= John Taylor (cricketer, born 1937) =

English cricketer

John Taylor (born 9 June 1937) is an English former cricketer. He was a right-handed batsman and wicket-keeper who played for Essex and Marylebone Cricket Club. He was born in West Ham.

Taylor's first representative cricket match came in a Royal Air Force XI against Yorkshire during the 1957 season, while he played his debut Second XI Championship match against Middlesex Second XI in 1959. A regular in the Second XI side during his first season, his debut first-class match came during 1960, in a match against Oxford University. His debut in the County Championship came just two months later, in a defeat to Derbyshire. He played four further County Championship matches during the season, as the team finished in sixth place in the County Championship.

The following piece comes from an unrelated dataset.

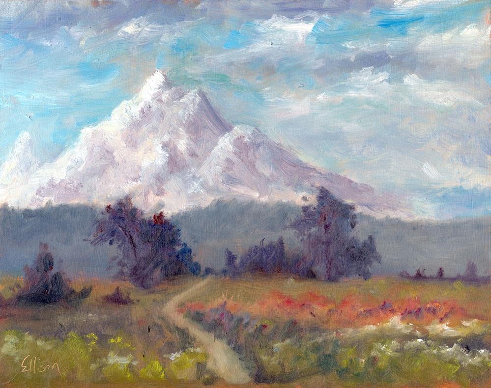 My view of Mt. Hood as we approached from the east. My good friend Teri took the reference photo - hers was better than mine! I took a couple artistic liberties and true Oregonians will find it not completely anatomically correct, but I'm fine with Bierstadt-ing it a bit! My view of Mt. Hood as we approached from the east. My good friend Teri took the reference photo - hers was better than mine! I took a couple artistic liberties and true Oregonians will find it not completely anatomically correct, but I'm fine with Bierstadt-ing it a bit! |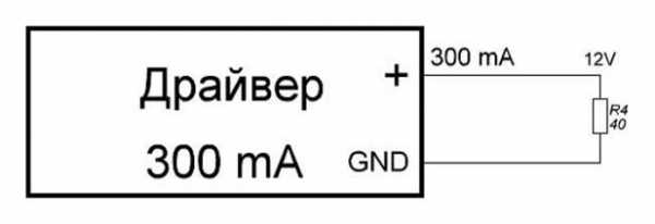 Например, подключим к источнику напряжением 12 В резистор 40 Ом. Через него пойдет ток величиной 300мА.

Taylor featured occasionally during the following season, achieving both of his career half-centuries, including a career-high 86 against Somerset. Taylor's final County Championship appearance came towards the end of July 1961, in a match in which he finished the second innings with a duck. Essex finished seventh in the table, a slight decline on the previous year's performance, but Taylor was out of the team from then on.

Taylor made one further first-class appearance, just a day after his thirtieth birthday, playing for Marylebone Cricket Club against Cambridge University, a full six years after his final County Championship appearance.